Most people will likely think of Riverdance when they think of Anuna, the vocal group that added an ancient choral feel to some of the production numbers. In reality, the group, founded by brothers John and Michael McGlynn, have been around before the Irish phenomenon and have thrived long after the Riverdance show peaked in popularity.
"I was in Radio City and the buzz was unbelievable, not just because of the ex-pats celebrating St. Patrick's Day," says John McGlynn when asked to recall the heady days of fame during Riverdance's rein.
"We had every major celebrity and politician and they were so proud of the show, saying how it embodied us and defines us as a people. The show definitely portrayed us as a forward thinking people.
"That was great to be a part of, but that Celtic resurgence is long gone. I think audiences are waiting for something to take it to the next level, which is what we are hoping to do with this show."
The show he is referring to is Celtic Origins, which marks the triumphant return of Anuna to American public television. The Celtic Origins TV special includes music written and composed by Michael McGlynn as well as special arrangements of traditional songs.
While PBS must be commended mightily for their airing of Celtic culture during key fundraising times, I am often horrified by what they portray as "real Irish music" in an attempt to pander to Irish American viewers.
The Celtic Woman show was produced in a cotton candy machine with sparkly fairy dust thrown in for good measure, and don't even get me started on the network's bizarre love affair with Donegal crooner Daniel O'Donnell. Neither one of these can be described as an accurate cut of Celtic culture, but in Anuna's Celtic Origins, the channel has finally landed on programming that does our race proud.
At the risk of sounding trite, Anuna's Celtic Origins is full of soothing music to feed the soul without careening into elevator music territory. Rich bass voices blend seamlessly with alto and tenors, their mouths creating a spine chilling wall of sound that relies on little in the way of instrumentation to generate its power.
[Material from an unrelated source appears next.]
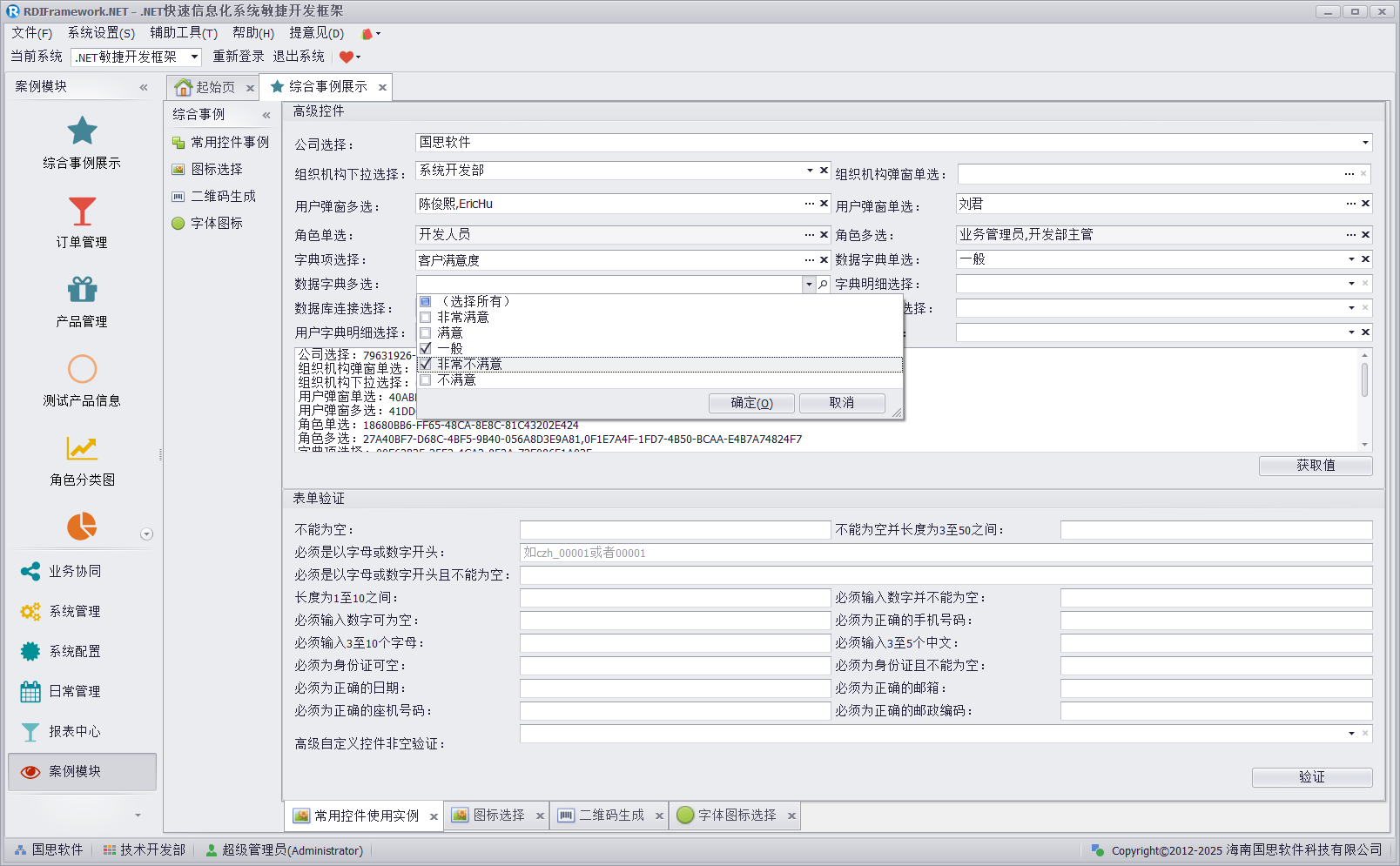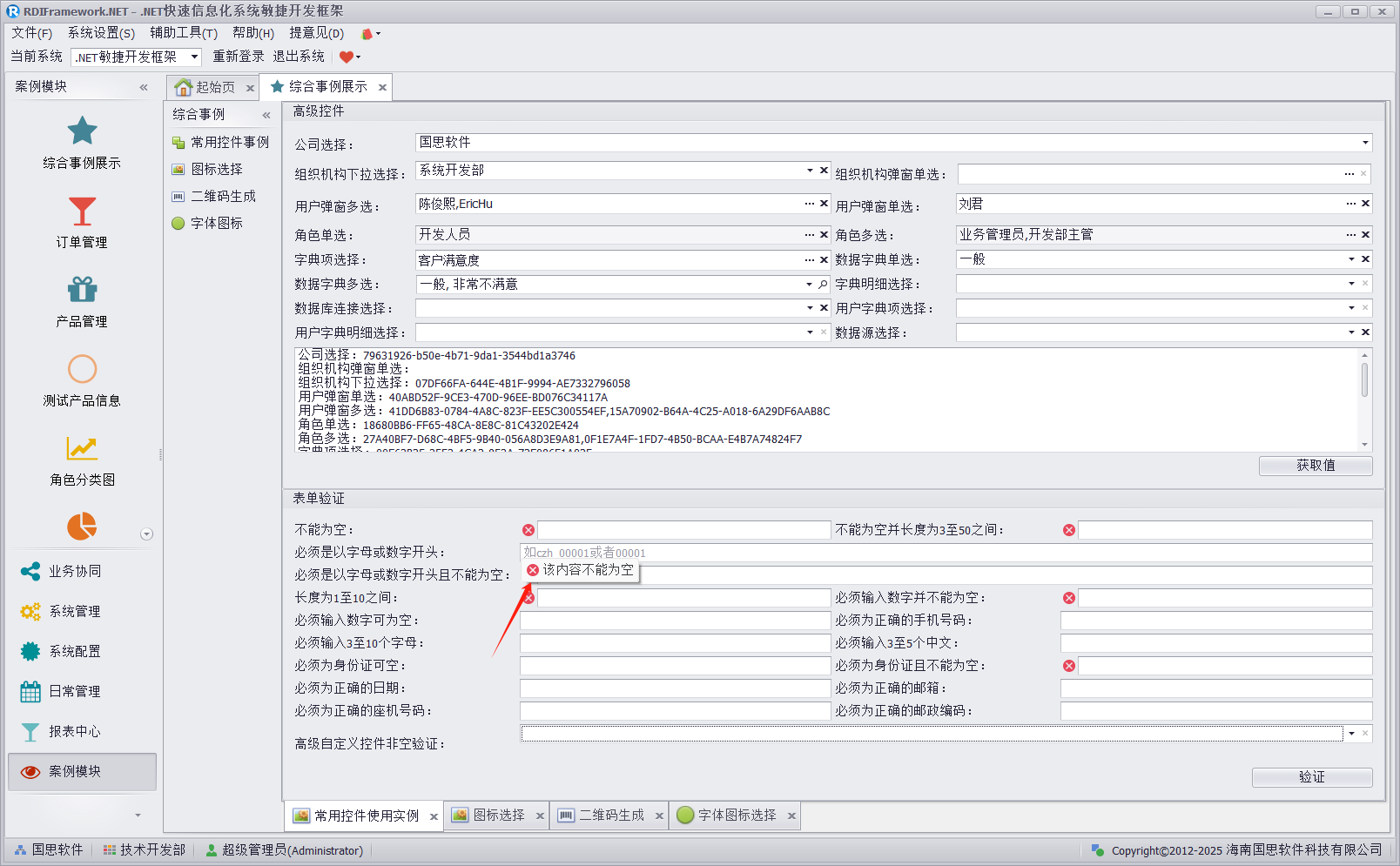 常用控件事例主要是对框架我们自主研发的一些开发过程常用的控件的演示,同时还集表单验证为一体,如下图所示。

"I Dreamt I Dwelt in Marble Halls" was a huge hit for Enya, and Anuna's vocal treatment is just as pretty. "Scarborough Fair" is a pitch perfect layering of gorgeous male voices, allowing this dusty traditional ditty to sparkle like a fine gem. "Fionnghuala" is a tongue-tying, rapid fire Gaelic ditty delivered with razor precision, guaranteeing a goose bump with each listen.
The do miss a note occasionally. In a feeble attempt to keep contemporary, Anuna covers John Denver's chart-topping hit "Annie's Song" in tribute to the late American folk singer/songwriter. Personally, I am allergic to John Denver songs, so perhaps I am biased. The cloying flute layered atop this saccharine drivel is almost too much to bear.
Anuna has been busy since they departed Riverdance. They have enjoyed a rich career since then, performing and recorded with an illustrious list of international musical performers including Sting, Barry Manilow, Elvis Costello, Michael Crawford, the Chieftains, Ashley MacIsaac and Sinead O'Connor.
If you forgot about Anuna before, there is virtually no forgetting them now. Apart from the PBS special, the group has released a CD of the Celtic Origins show, will make a number of appearances at the Borders bookstore chain in the coming weeks, and will embark on an extensive U.S. tour in the Fall.
I had a lovely chat with co-founder John McGlynn about the state of Celtic music and the band's history. Here's how it went.
How would you describe the Anuna sound to someone who has never heard of you?
You are listening to untrained singers trying to sing choral music working with the trained choral singers who are trying not to sing choral. Not trying to meet in the middle, trying to blend. We have two rock singers and we have a method soprano and they are blended together. That was the magic of the sound.
The Celtic brand is attached to a lot of different types of music. What does it mean to you?
I really don't like the choice of the word "brand." Celtic music is an interesting thing and its open to a lot of interpretation. The reality is that Celts left no written records of the music they made. If you want to describe Celtic it is the passing of traditions on word of mouth. They were not written down but they survived by word of mouth.
People eventually wrote them down and then written in stone. So, Celtic has this ancient perception and the choral music we sing is ancient, so I think that is where people's perception comes from about us being in a Celtic genre.
I think its funny how people define as ancient Celtic music is not so ancient. It only dates back 30 years, when Clannad made this Celtic New Age genre.
Absolutely. We are great friends of Clannad. I would cite the Chieftans and Clannad as our chief influences. Singing in five parts, adding jazz and rock riffs, and all the other stuff Clannad did is a precursor to what we do, no doubt. They had a number one song in the U.K. written in the Irish language with "Harry's Game" in the middle of the Troubles, which was remarkable. We were influenced by them but then went off in a different direction.